Recently, the U.S. Cybersecurity and Infrastructure Security Agency (CISA) released a list.
This list outlines categories of IT software and hardware products frequently procured by the federal government that use cryptographic algorithms in encryption or authentication processes.
The guidance covers technologies including: cloud services (such as PaaS and IaaS), collaboration software, web software (browsers and servers), and endpoint security tools (providing full-disk encryption and data-at-rest encryption capabilities).
CISA cites these products as examples, arguing that the post-quantum cryptography standards they employ are "widely available" and designed to "protect sensitive information even after the advent of cryptographically capable quantum computers (CRQC)."
Facing the long-term threat of quantum computing
Currently, the US federal government is operating under an executive order requiring agencies to migrate most of their high-value systems and equipment to post-quantum encryption by 2035.
Last year, the Trump administration also discussed with allies and quantum industry executives whether to further advance this timeline through a new executive order.
However, the transition to quantum-resistant encryption protocols is widely considered an unprecedented social engineering project.

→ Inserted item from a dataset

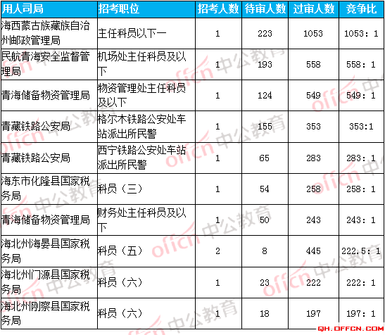 以下是7日16時各部門報名人數統計分析,其中中國民航青海安全監督管理局、青海省物資儲備管理局、青海省郵政管理局等三個部門競爭最激烈,競爭比均已超過219:1。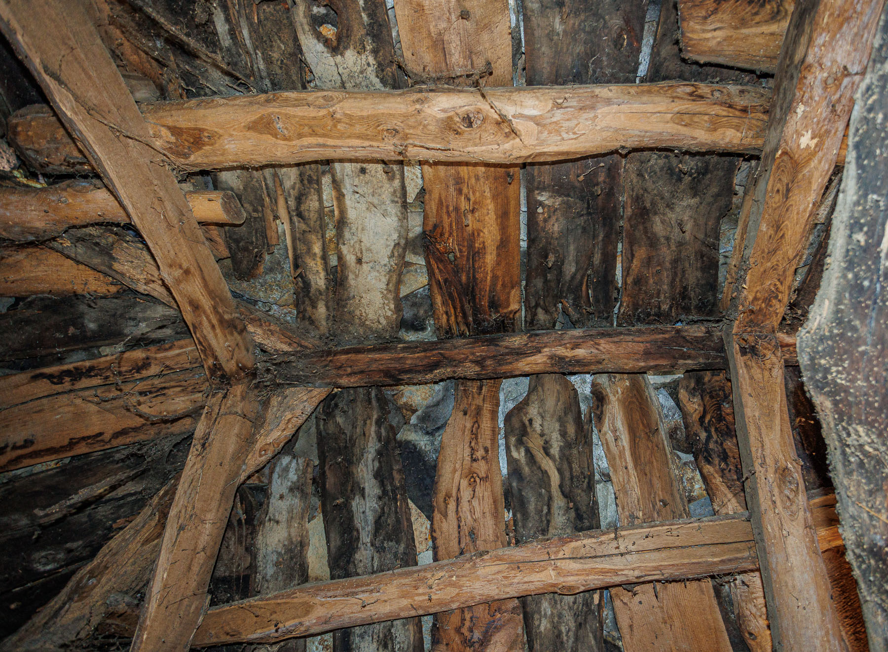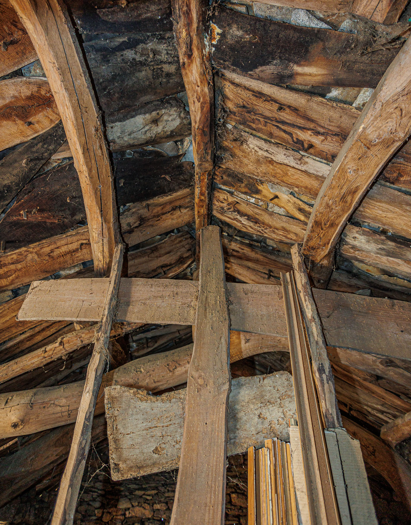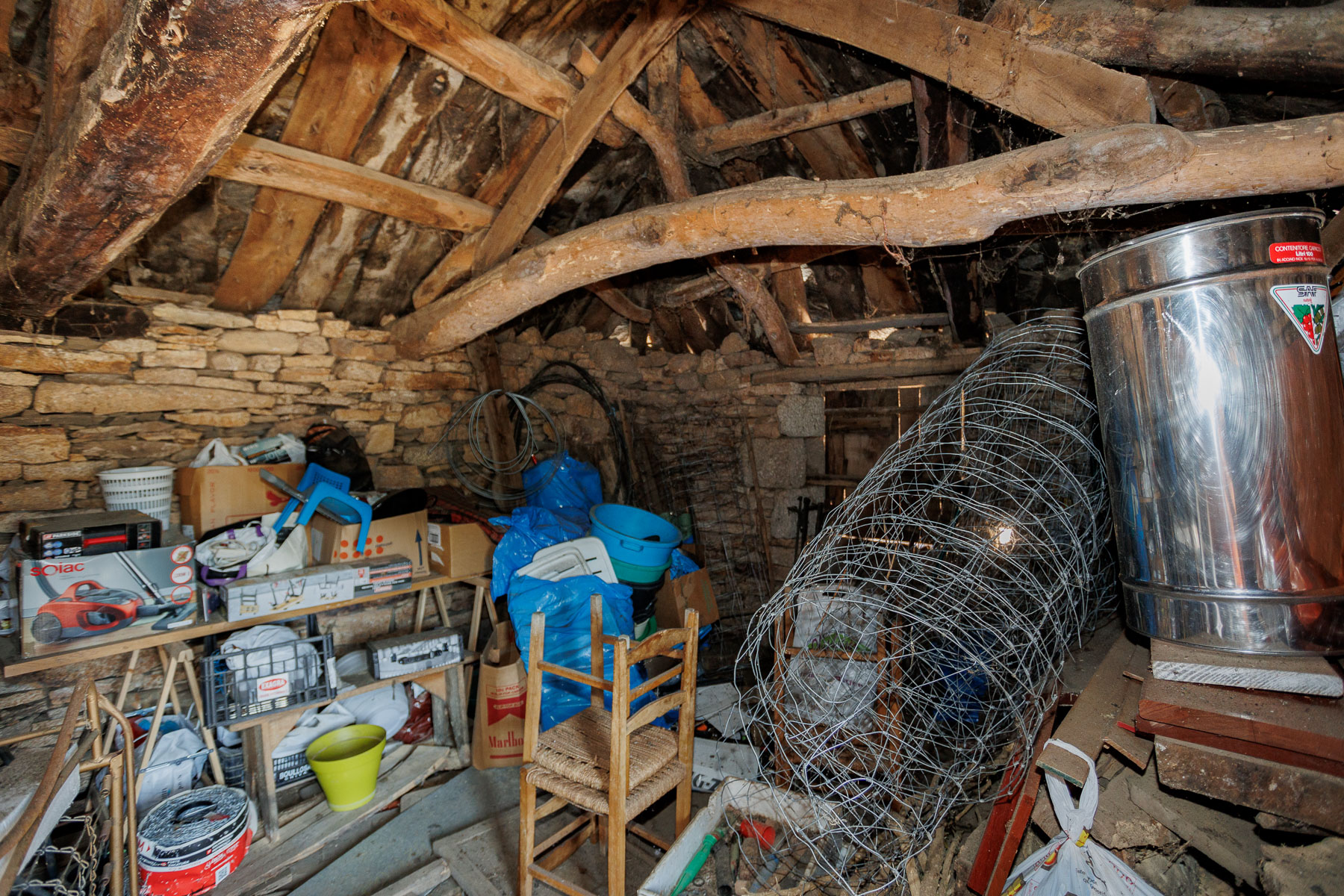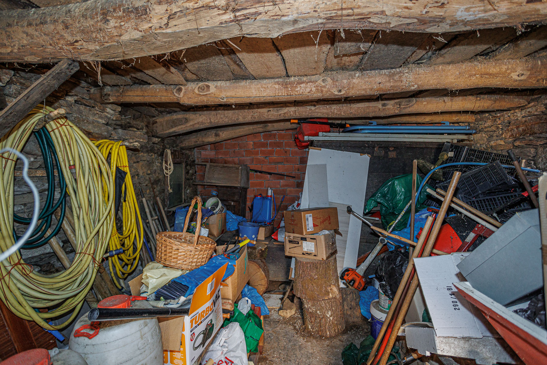 The interior reveals the original structure of exposed wooden beams in the roof and stone walls in good condition. The ground floor and upper floor are currently configured as open-plan spaces separated by a partition wall.

This process requires not only collaboration between hardware and software vendors but also relies on various standards organizations, protocol systems, and the underlying processes and infrastructure supporting internet data transmission.

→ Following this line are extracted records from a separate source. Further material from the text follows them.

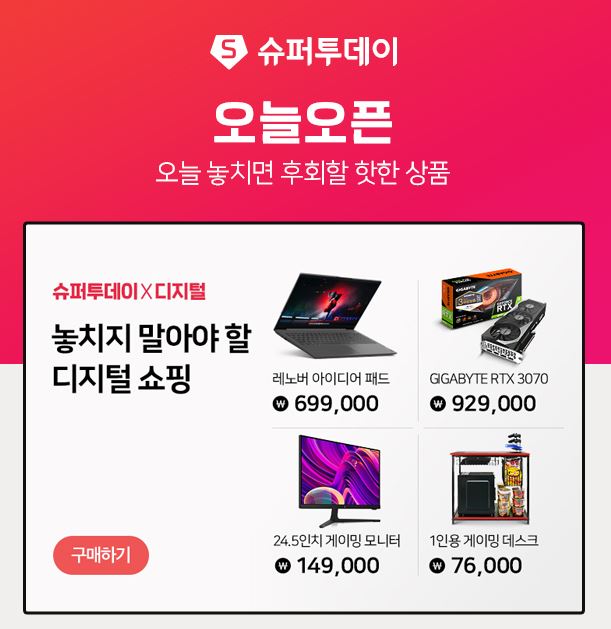 할인 품목 : 노트북, 모니터, 생필품 등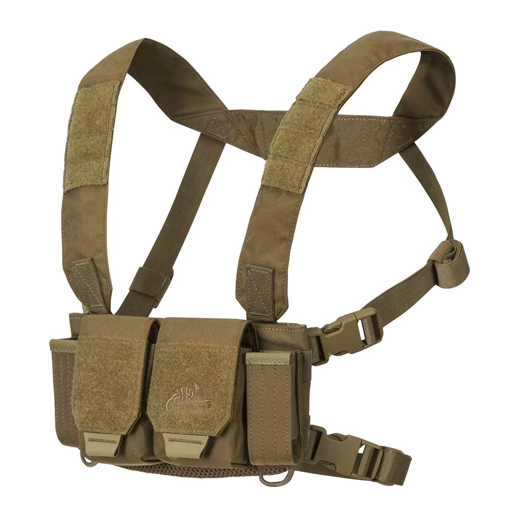 Hrudní nosný systém COMPETITION MultiGun Rig® od společnosti Helikon-Tex v barevném provedení Coyote je modulární platforma určená pro efektivní přenášení zásobníků a dalšího vybavení při sportovní střelbě i taktických operacích. Systém je vyroben z odolných materiálů, které zajišťují dlouhou životnost a spolehlivost v náročných podmínkách. Ergonomický design umožňuje rovnoměrné rozložení hmotnosti a pohodlné nošení i při delším použití. Přední panel je vybaven několika kapsami pro zásobníky různých typů (puškové, pistolové, brokové), které lze individuálně konfigurovat dle potřeby uživatele. Nastavitelný popruhový systém umožňuje přizpůsobení velikosti a zajišťuje stabilitu při pohybu. Systém je kompatibilní s dalšími doplňky řady COMPETITION a MOLLE/PALS příslušenstvím, což zvyšuje jeho univerzálnost a možnosti rozšíření.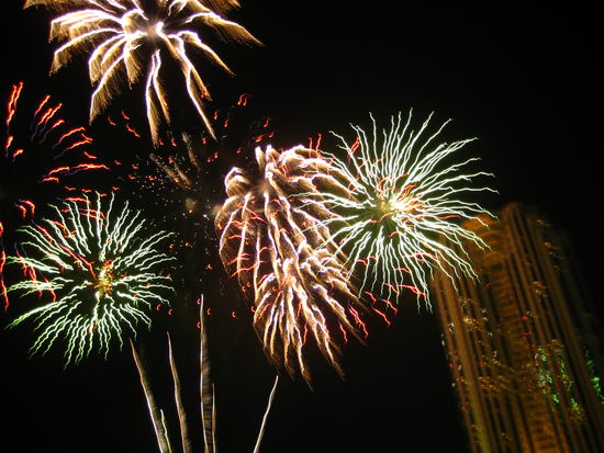 Nachdem Ich (Melanie) mir noch eine kurze Fussrefelxzonenmassage und Markus sich eine Rueckenmassage gegoennt haben, sind wir dann zu dem Entschluss gekommen am Fluss zu feiern. Also rein in das Taxi-wie immer verhandeln- und ab in die City. Am Pier des Oriental angekommen, herrschte gaehnende Leere. Na super. Doch kein so toller Tip gewesen. Oder etwa doch? Es war ja auch erst 23 Uhr unserer Zeit. Nach und nach kamen dann die ersten Schaulustigen. Wir standen also mit ca. 20 wildfremden Leuten am Pier ,mit komischen Hueten auf und haben uns eins der besten Feuerwerke angeschaut, die ich jemals gesehen habe.

These factors collectively determine how data is encrypted, transmitted, and verified on the internet.
The complexities of reality are creating a highly unbalanced market environment for technology purchasers: on the one hand, they are required to deploy post-quantum encryption solutions as quickly as possible; on the other hand, they lack mature, complete, and verifiable technological systems to support them.
"PQC availability" does not equate to "quantum security".
In addition to relatively mature technology areas, CISA also listed several other technology categories, stating that vendors should be "encouraged" to implement and test PQC capabilities in these areas, including: network hardware and network software, Software-as-a-Service (SaaS) password managers, intrusion detection systems, and other security tools.
However, even the technology categories listed by CISA as "seemingly PQC secure" have a key prerequisite:
The vast majority of these only support post-quantum standards in key encapsulation and key negotiation, and have not yet implemented PQC in digital signatures or authentication.
Adopting post-quantum cryptography also means reconstructing a large portion of the core backend infrastructure supporting encrypted internet communication.
Some mainstream protocols (such as SSH and TLS) have already done foundational work in this direction, but overall progress remains limited.
Surabhi Dahal of Encryption Consulting pointed out in September 2025 that most protocols are still in their early stages, with related proposals still being drafted, and prototypes being developed and tested to assess how quantum-safe methods can be integrated into existing systems.
A 2024 study by Pacific Northwest National Laboratory (PNNL) investigated the technological challenges of post-quantum migration in the industrial sector, focusing solely on electric vehicle charging infrastructure. The study found numerous internal and external hurdles, including “interoperability concerns, the computational and memory requirements of PQC algorithms, and the organization’s readiness for this transition.”
Roberta Faux, Head of Cryptography and Field CTO at post-quantum cryptography services company Arqit, stated that the CISA guidelines “omit many” the details needed to guide organizations in addressing post-quantum security options.
For example, she noted that the document provides little guidance on how to build a cryptographic asset inventory or timeline, what performance data should be used to measure trade-offs, how CISA measures or defines “PQC-capable,” and how to build hybrid models.
She pointed out that the document “feels optimized for procurement compliance rather than security outcomes.” Peter Bentley, COO of Patero, another post-quantum cryptography company, expressed a similar view, pointing out that "the hardest part isn't choosing a post-quantum algorithm, but understanding where cryptography actually exists," because most organizations don't have a detailed asset inventory.
Due to the lack of robust cryptographic asset visibility in most organizations, he believes that without a systematic cryptographic discovery and inventory management mechanism: "'PQC-enabled' easily becomes a marketing label rather than a verifiable, genuine capability, especially in hybrid or multi-vendor environments."
Faux further points out that the CISA guidelines actually acknowledge a core weakness in current post-quantum migrations: most vendor solutions labeled "PQC-available" only cover parts of the cryptographic process; critical functions such as digital signatures or key establishment still rely on traditional encryption mechanisms.
She emphasizes that the evolution of cryptographic systems typically takes decades, requiring repeated trade-offs between interoperability, performance, and operational costs, often resulting in a "long-term unfinished product phase."
Notably, a footnote in the CISA document also acknowledges that:
The two NIST-approved post-quantum signature algorithms, ML-DSA and SLH-DSA, currently lack mature production-grade implementation support.
Regarding this, Faux states, "This is not a limitation to be taken lightly."
She warns that key negotiation without quantum-safe authentication has very limited security value. Attackers can still forge certificates, impersonate terminals, or launch man-in-the-middle attacks.